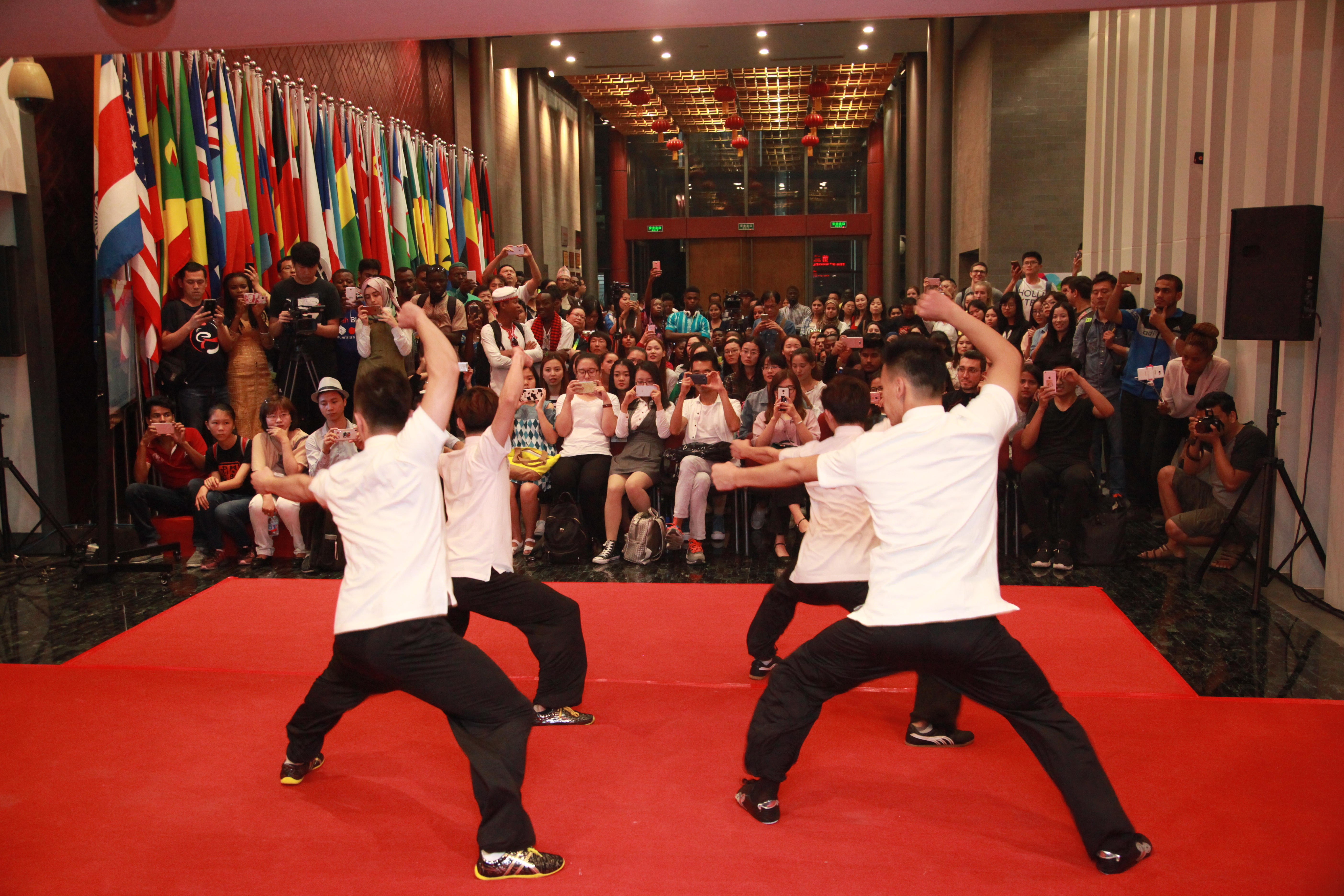 2016年9月23日,新葡萄汉语国际推广武术师资培训基地应孔子学院总部要求,带领武术学院师生受邀参加以“多元文化在丝路”为主题的第三届孔子学院总部“开放日”活动。44个国家驻华使节、文化机构代表,国资委、国家体育总局、北京市教委、西城区区委区政府等部门代表,40多所孔子学院中方承办院校代表,部分支持孔子学院建设的企业代表,以及来自60多个国家的孔子学院奖学金生等300多人参加了此次活动。新葡萄武术表演队在活动中进行了精彩的现场武术表展示,赢得了在场全体观众的热烈掌声。演出后各国观众纷纷与新葡萄演员代表进行互动交流。此次活动不仅达到宣传推广中华武术文化的目的,同时也加强了我基地与海外各孔子学院的联系。
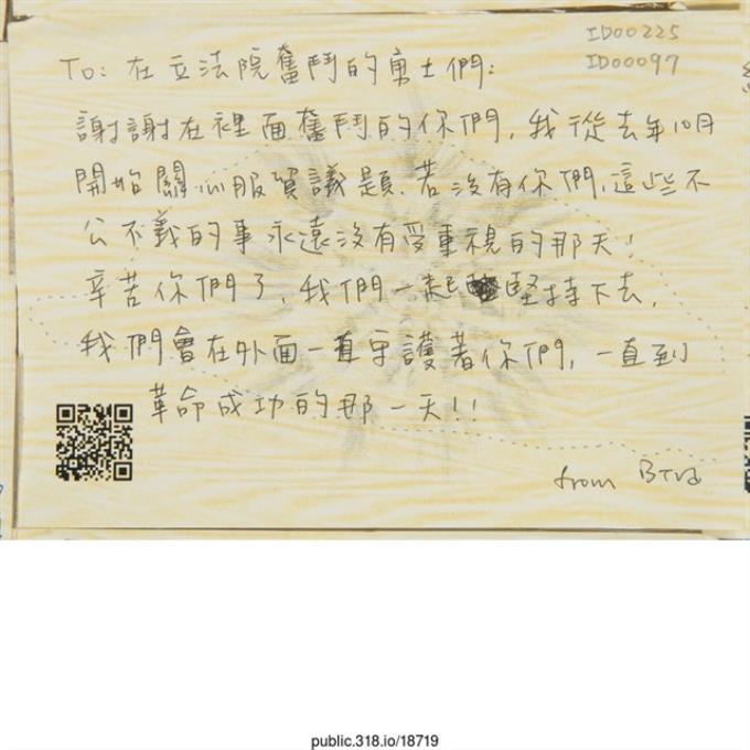Bird「To:在立法院奮鬥的勇士們」明信片
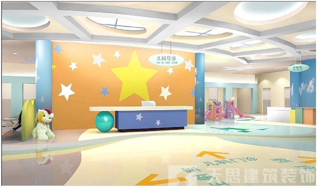 兒童是比較特殊且相對脆弱的生命群體,因此,兒童醫(yī)院裝修設計不同于綜合醫(yī)院的設計,其在保證醫(yī)療使用功能的基礎下,更要考慮到兒童的生理心理需求、行為特征等,從細節(jié)上體現(xiàn)兒童醫(yī)院的人文設計,力求為患兒建立一個安全溫馨、舒適友好、有趣愉悅的醫(yī)療環(huán)境,以緩解他們對醫(yī)院的恐懼感。

### Exercise prompt:
Write out every line of the listing exactly as written, and leave the pictures out.

### Expected answer:
 2016年9月23日,新葡萄汉语国际推广武术师资培训基地应孔子学院总部要求,带领武术学院师生受邀参加以“多元文化在丝路”为主题的第三届孔子学院总部“开放日”活动。44个国家驻华使节、文化机构代表,国资委、国家体育总局、北京市教委、西城区区委区政府等部门代表,40多所孔子学院中方承办院校代表,部分支持孔子学院建设的企业代表,以及来自60多个国家的孔子学院奖学金生等300多人参加了此次活动。新葡萄武术表演队在活动中进行了精彩的现场武术表展示,赢得了在场全体观众的热烈掌声。演出后各国观众纷纷与新葡萄演员代表进行互动交流。此次活动不仅达到宣传推广中华武术文化的目的,同时也加强了我基地与海外各孔子学院的联系。
Bird「To:在立法院奮鬥的勇士們」明信片
 兒童是比較特殊且相對脆弱的生命群體,因此,兒童醫(yī)院裝修設計不同于綜合醫(yī)院的設計,其在保證醫(yī)療使用功能的基礎下,更要考慮到兒童的生理心理需求、行為特征等,從細節(jié)上體現(xiàn)兒童醫(yī)院的人文設計,力求為患兒建立一個安全溫馨、舒適友好、有趣愉悅的醫(yī)療環(huán)境,以緩解他們對醫(yī)院的恐懼感。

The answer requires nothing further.